I'm trying to plot county-level data within the US. This is the first time I've worked with geospatial data. I've used tigris
to import the county-level shape information but the problem I'm faced with now is that this information excludes bodies of water. I have found a solution to remove areas of water, but it feels suboptimal so I was wondering if there's an easier way to do this?
Here's a reprex:
library(tidyverse)
library(sf)
#> Linking to GEOS 3.6.1, GDAL 2.2.3, PROJ 4.9.3
options(tigris_use_cache = TRUE)
library(tigris)
#> To enable
#> caching of data, set `options(tigris_use_cache = TRUE)` in your R script or .Rprofile.
#>
#> Attaching package: 'tigris'
#> The following object is masked from 'package:graphics':
#>
#> plot
# Get county maps for select states
state_map <- counties(state = c("Illinois", "Michigan", "Wisconsin", "Indiana")) %>% sf::st_as_sf()
# Note the distinct lack of Lake Michigan
state_map %>%
ggplot(aes(fill = STATEFP)) +
geom_sf()
# Get all counties for state 55 (WI)
wi_counties <- state_map %>% filter(STATEFP == 55) %>% distinct(COUNTYFP) %>% pull(COUNTYFP)
# Iterate over each county, get water shape info, select only large areas of water.
# Finally perform union for all filtered water shape info
wi_water <-
map_dfr(
wi_counties,
~ area_water("WI", county = ., class = "sf") %>% filter(AWATER > 10^8)
) %>%
st_union()
# Remove overlapping regions between state_map and wi_water
state_minus_water <- st_difference(state_map, wi_water)

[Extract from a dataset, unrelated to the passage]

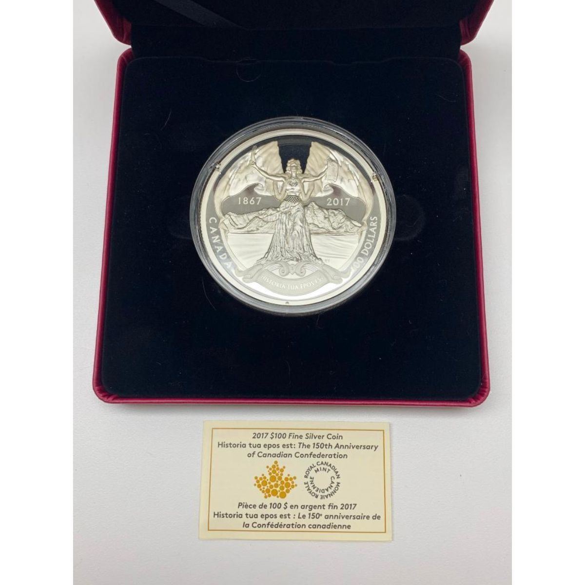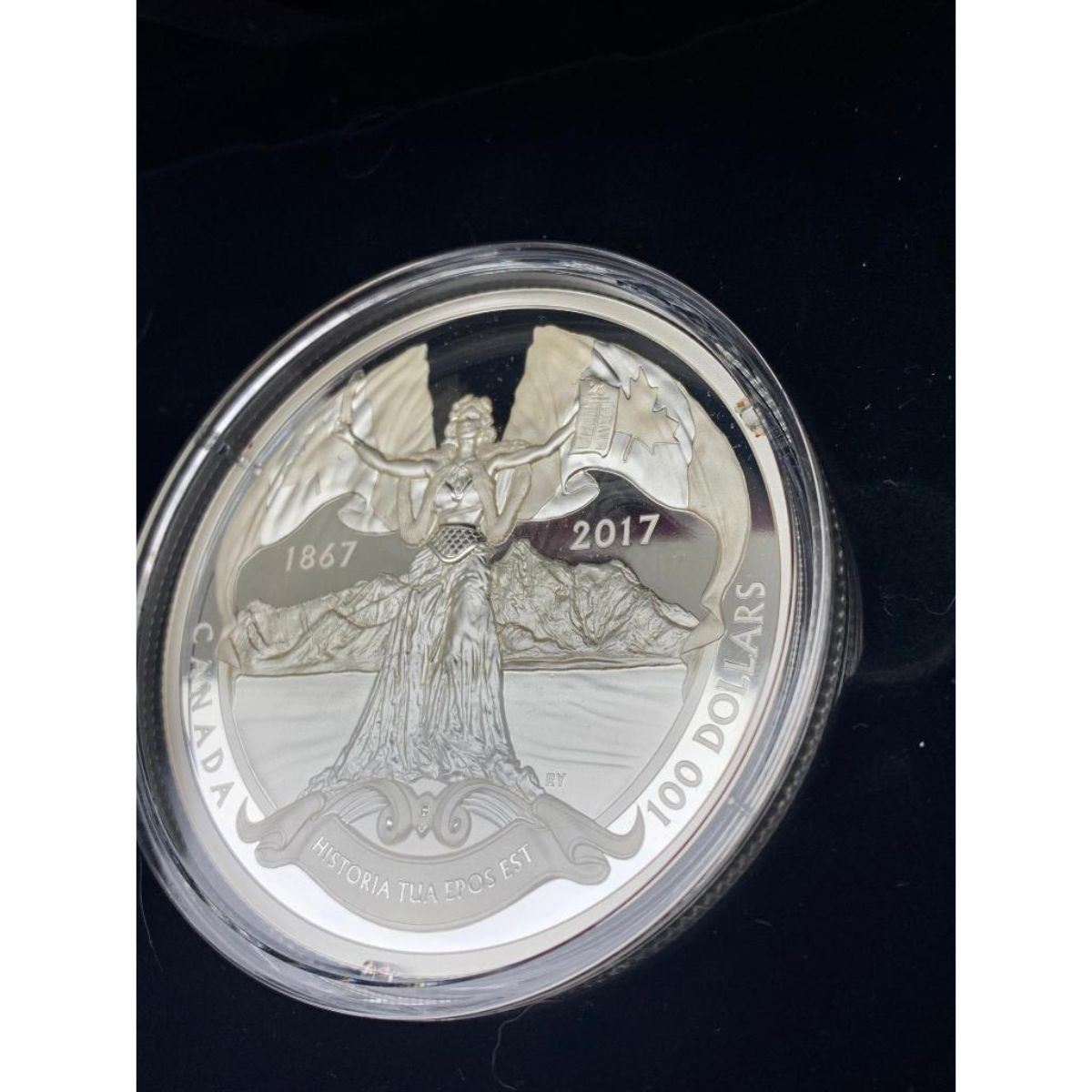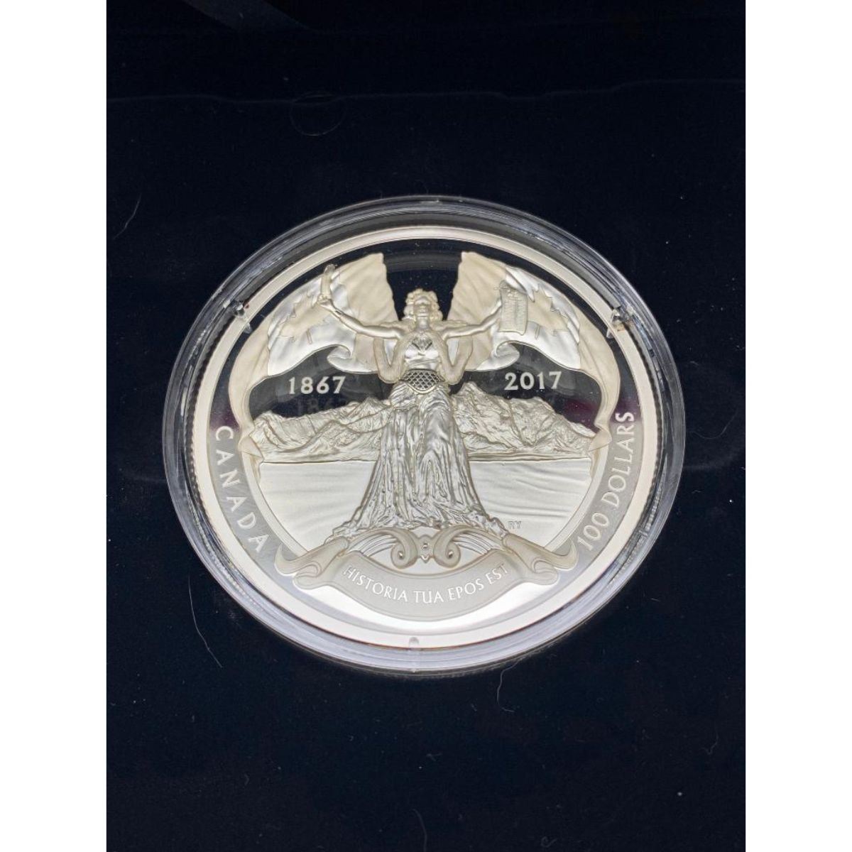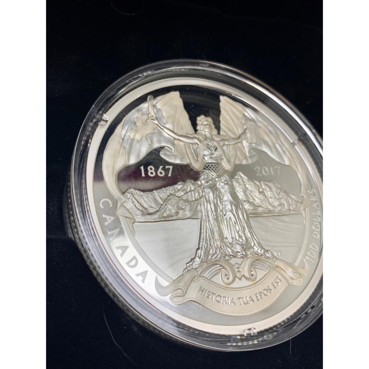 The 150th Anniversary of Canadian Confederation The reverse design is both classic and modern. Centering on an allegorical personification of Canada, the elements represent our story as a nation including historical, geographical, social and political aspects. In the foreground, Canada rises up strong, majestic and bold; she bears a youthful appearance, given Canada's status as a relatively young nation. Canada is the picture of grace and a vision of strength in her protective armour, and yet she carries no weapon—a symbolic representation of our efforts to bring peace throughout the world. Facing out as though looking to the future, Canada's gaze is calm and steady while her arms are open wide, ready to embrace what challenges and triumphs lie ahead. In one hand is a symbolic representation of the British North America Act, which represents the birth of the Dominion of Canada 150 years ago. In the other hand is a single feather that pays tribute to those who helped forge our nation's path: the First Nations peoples and the Fathers of Confederation. A fur cape is a further reminder of First Nations traditions, as well as the importance of the fur trade in Canada's early history. In the background, Mount Logan (Canada's tallest peak) represents the diversity of the land, and alludes to the ability of Canadians to "rise" to the challenges of the past, present and future. This new coin design represents Canada as the country celebrates its milestone 150th anniversary of Confederation. The Latin banner across the bottom reads "Historia tua epos est," which translates to "Your history is an epic," a line which also appears in the French version of "O Canada." In the first 150 years, Canada has seen prosperity and hard times, peace and turmoil, tragedy and triumph, but most of all, at its 150th anniversary of Confederation, it is a mature but still youthful nation with a strong patriotic identity and with a reputation as a strong, innovative, steadfast and hopeful nation. The obverse design for all three coins is new for Canada's 150th Anniversary of Confederation, but also draws on the tradition of the original Confederation medal and the first coins of Canada. While the obverse of the original 1867 medal featured a single effigy of Queen Victoria, the reigning monarch at the time of Confederation, the obverse sides of these new coins feature the dual effigies of Her Majesty Queen Elizabeth II by Susanna Blunt and Queen Victoria by Leonard Charles Wyon. Queen Victoria is featured as the monarch at the time of Confederation in 1867, while Queen Elizabeth II appears as our monarch at the time of "Canada 150." The obverse also includes the cypher used by Her Majesty Queen Elizabeth II, and the cypher that was used by Queen Victoria. Each cypher is ensigned with a crown depicted in a style specifically used by each monarch. • Mintage: 1,000 • Weight: 10 oz fine silver (each) • Diameter: 76.25 mm (each) • GST/HST exempt

#> although coordinates are longitude/latitude, st_difference assumes that they are planar
#> Warning: attribute variables are assumed to be spatially constant throughout all
#> geometries
# Now we have a bit of Lake Michigan...
state_minus_water %>%
ggplot(aes(fill = STATEFP)) +
geom_sf()
So this works but the problem is I need to do this for all states. I can probably loop/map across all states/counties and perform a union, but this seems a bit inefficient... I'm also worried about running into memory issues, which has been a problem for me when I've been playing around with this data.